POV Figuran: Tunangan Jahat Obsesifku Adalah Bos Terakhir Game - Chapter 270
Bab 270 270: Selamat Datang di Laut Kedua
Para awak kapal berkumpul di geladak Lady Rill, pakaian basah menempel di tubuh mereka yang lelah.
Mereka kurang tidur, kelaparan, dan tak sabar menunggu petualangan ini berakhir.
“Aku tidak menyangka akan seperti ini,” Zuzu mengerang. “Mana penampilan heroik kita?”
“Semakin lama Anda berkecimpung dalam bisnis ini, semakin Anda menyadari bahwa semua cerita yang Anda sampaikan setelahnya bertujuan untuk membuat Anda terlihat baik.” Thorn menyeringai.
“Kau akan mendapatkan penampilan heroikmu.” Dia terkekeh sendiri. “Hanya dalam cerita-cerita saja.”
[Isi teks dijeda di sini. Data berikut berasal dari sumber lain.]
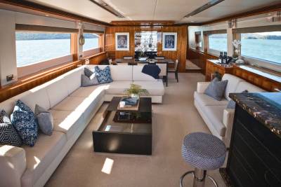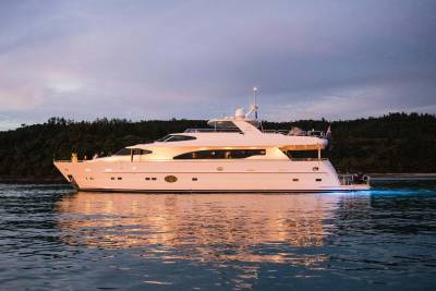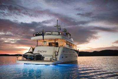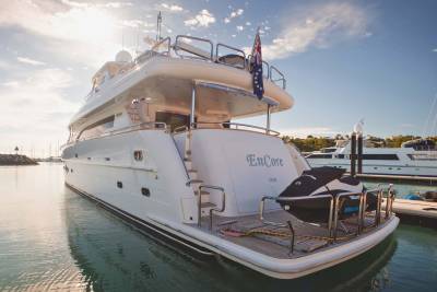 Step aboard Encore and check into your favourite floating beach house. Built by Horizon and refit in 2021, this 29.5 metre motor yacht for charter is made for Australian coastal cruising, from sand-fringed bays to remote azure anchorages. A bright, easy saloon, flybridge jacuzzi, big aft deck and generous swim platform set the tone. Four cabins sleep eight guests in comfort, with a full beam master, forward VIP and two convertible twins. With a seasoned local captain and a charter friendly layout, Encore is all about relaxed days, long lunches and unhurried time on the water.

“Dan coba tebak,” Elias angkat bicara. “Dalam versi ceritamu, kaulah yang akan memberikan pukulan terakhir dan menenggelamkan jurang itu?”
“Tentu saja,” Thorn menyeringai. “Setelah bos memberi tahu kami rencananya.”
Pandangan mereka beralih ke Ren yang berdiri dengan tangan bersilang, mengamati mereka.
Tak seorang pun berkata apa-apa. Mereka hanya menoleh padanya, menunggu dengan tidak nyaman dalam diam.
Alasan mengapa mereka berusaha mengisi kesunyian itu kembali muncul dalam kesadaran mereka.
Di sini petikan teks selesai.